Getting started; coming up with a good idea for a story is not as easy as one would think it would be. Even experienced writers often struggle with how to fine tune an abstract idea in preparation for a new story. A good peice of advice I have often heard experienced, published writers give new writers is to “ask a question” and then try to answer it. Show the world how a problem dealing with some challenging aspect of life can potentially be solved.
Most people share the same problems at some point in their lives, as human beings are actually more alike than they are different. When the writer expresses her own fears, her disappointments, her tragedies, her successes, her joys she connects us all.

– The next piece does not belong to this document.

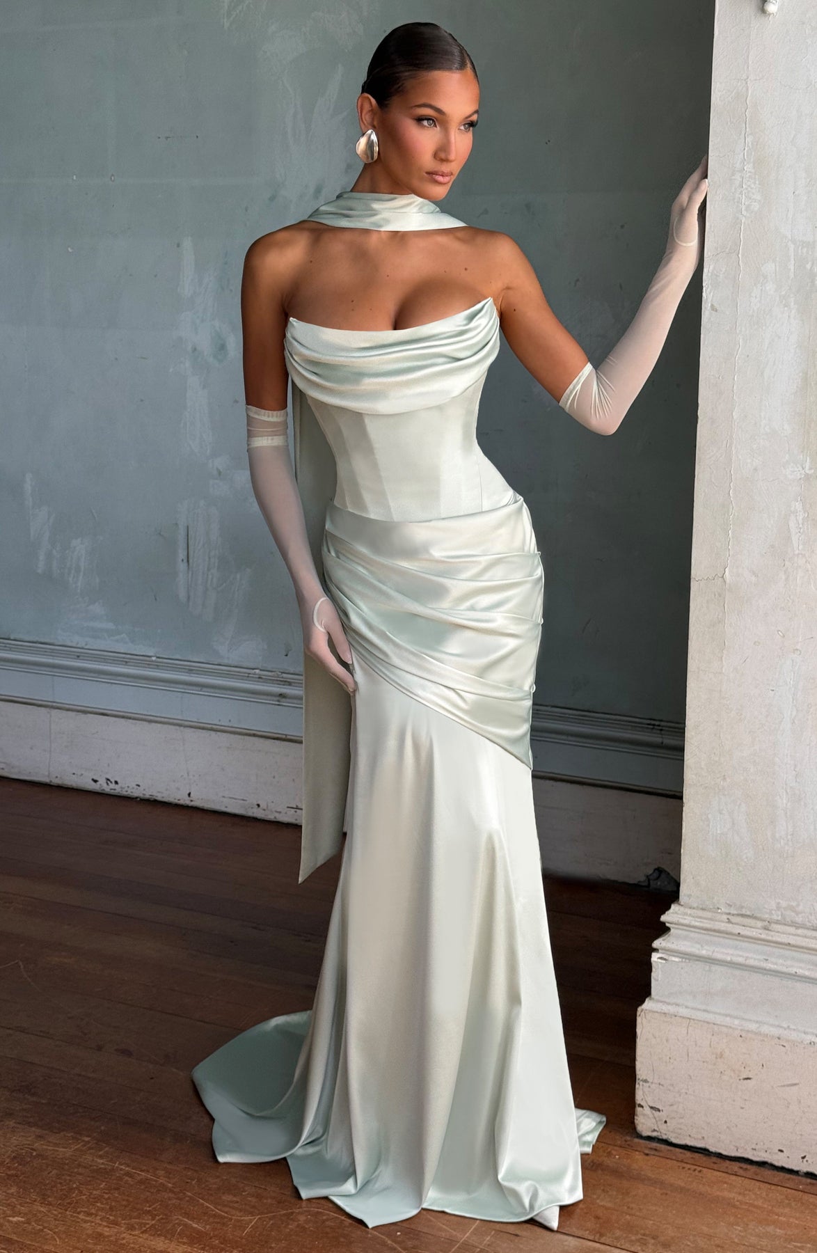 The Sybil Scarf in Mint is effortlessly elegant. This long, satin scarf drapes beautifully over the neck, adding a sleek, polished touch to any look. Pair it with the Kensington Maxi Dress and Eli Gloves in Mint for a perfectly coordinated, head-turning ensemble. Timeless, versatile, and undeniably chic.
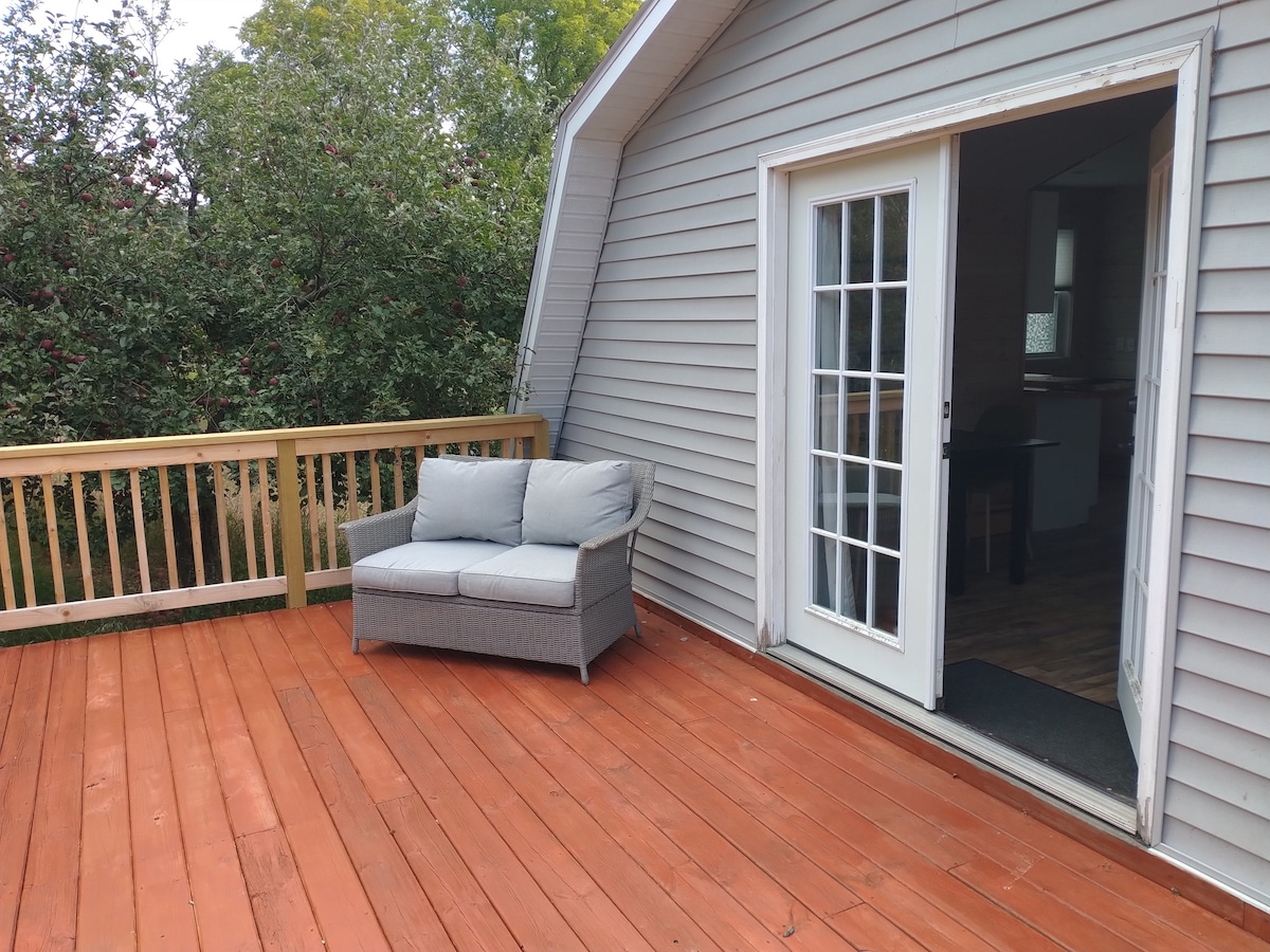 此房間設有獨立入口,附設有頂的門廊,如果隔壁房間被租用,則為共用。 它還有一個圍欄的戶外露台,配有野餐桌。 小木屋朝東,所以門廊變暖,而房間保持涼爽。 湖泊和私人碼頭步行即可到達。

By asking a question and unraveling the answer through the pages of the story, the writer has the power to help the reader in her discovery period and subsequent healing.
Perhaps the writer asks the question about whether people have the ability to re-wire their brains to feel acceptance and love after having been neglected as a newborn for the first critical years of life. The story could have a protagonist who is bitter and hateful toward himself and others as he strives to be loved and to learn to love others, while re-visiting the steps he took during his past that led him to the place he ended up. Perhaps as he moves through the chapters he finds himself and in doing so finds the ability to love, therefore; solving his problem and potentially solving the readers’ problems to some degree. At the very least, the story has the power to comfort the reader to know he is not alone.
After all, if the writer asks the question, chances are a good portion of the rest of the world has asked it at some point in some way as well.